The bill increases labeling, research, and public education to reduce caffeine-related harms—especially for children and pregnant people—but imposes compliance costs on small businesses, may limit products, and relies on limited funding and education that may not fully change consumer behavior.
All consumers (adults and youth) will get quantitative caffeine information (milligrams) and an advisory limit on packaged labels and menus, enabling more informed choices about caffeine intake.
Children and adolescents will face lower health risk because the FDA is directed to set safety thresholds or restrict added caffeine and because targeted guidance/education addresses youth exposure.

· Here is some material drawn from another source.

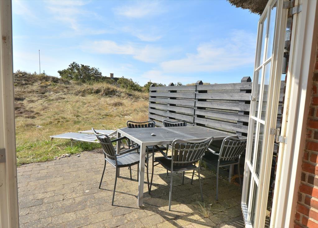 Gå udenfor og nyd den fantastiske, friske og salte havluft der hersker over området og den fortryllende udsigt udover det flotte klitlandskab. Sæt jer på en af de to dejlige terrasser, den ene mod syd og den anden mod øst, så her har i god mulighed for at nyde solens varme stråler hele dagen og havets brusen kan høres i det fjerne, eller smid jer på en af liggestolene og få en smuk sommerlig kulør. Snup morgenkaffen med ud på den østvendte terrasse og nyd den flotte solopgang og den vidunderlig ro som er over den flotte store naturgrund.

Pregnant and breastfeeding people will receive clearer, targeted guidance from NIH/FDA reviews about caffeine and stimulant risks during pregnancy and lactation, supporting safer choices.
Small restaurants, packaged-food manufacturers, and beverage sellers will face new compliance costs to test products, calculate caffeine content, and update labels and menus.
Producers may reformulate, limit temporary or high-caffeine items, or raise prices to avoid 'high caffeine' triggers or comply with new restrictions, reducing product variety and potentially increasing consumer prices.
Regulatory uncertainty and potential disagreements—especially over how 'added caffeine' is defined—and the tight review timeline could create uneven enforcement and business confusion.
Based on analysis of 5 sections of legislative text.
Requires caffeine labeling and warnings for certain restaurant items and packaged foods, orders FDA/NIH safety reviews and public education, and directs GAO to study marketing.
Introduced March 31, 2025 by Robert Menendez · Last progress March 31, 2025
Requires restaurants in chains of 20 or more and packaged food and supplement labels to disclose caffeine amounts and, for high-caffeine restaurant items, an on-menu “High caffeine” statement or symbol. Orders FDA and NIH to complete safety reviews of caffeine and stimulant blends and to report to Congress within six months; funds each review at $1 million. Directs FDA to run a public education campaign about caffeine risks for vulnerable groups and asks GAO to study caffeine marketing to youth within 180 days.